Пока Степаныч и Алексей осматривали квартиру и договаривались о покупке, Кузьминична организовала для Альки купание в ванной и стала перебирать вещи, оставшиеся от мужа, чтобы подобрать что-нибудь парнишке. Она открыла швейную машинку и начала подшивать брюки, ушивать рубашку. Конечно, все равно велики будут, зато все чистое. За этим занятием и застали ее отец и сын Звягины.

— Никак, обмундирование парнишке мастеришь? — поинтересовался Степаныч.

— Сам видишь, у него все порванное и в крови.

— А почему в крови? — не понял Алексей.

И Степаныч уже во второй раз за день рассказал о ночной операции, о геройской стойкости Альки, а заодно и о скитаниях троих друзей.

— Не знаю, что я смогу для них сделать, — сказал Алексей, выслушав отца, — но пока поеду в магазин и куплю им всем одежду, обувь.

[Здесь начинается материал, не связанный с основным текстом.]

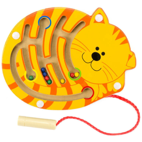 1 kép Fakopáncs Mágneses golyóvezető (kicsi, cica) - készségfejlesztő játék

Только вот как с размерами быть? Вдруг не угадаю?

В этот момент у двери позвонили, и Кузьминична впустила Петра и Антона.

— А ты вот их забирай, — посоветовал отец, — на них померяешь. А Алька такой же, как Антошка, только чуть повыше. Так что на Альку бери с походом, на размер больше.

— Ты по ларькам пройдись, там скорее подберешь самое необходимое, — посоветовала Кузьминична. — Оттуда вернетесь — ужинать будем. У меня окорочка куриные есть, так я быстренько плов сделаю.

Одежды Алексей всем купил по два комплекта, и там было все — от маек до курточек, обувь зимняя и на весну. А еще — домашние тапочки. Их все трое ребят долго рассматривали с каким-то благоговением, потому что ничто так не напоминало о доме, как эти тапочки.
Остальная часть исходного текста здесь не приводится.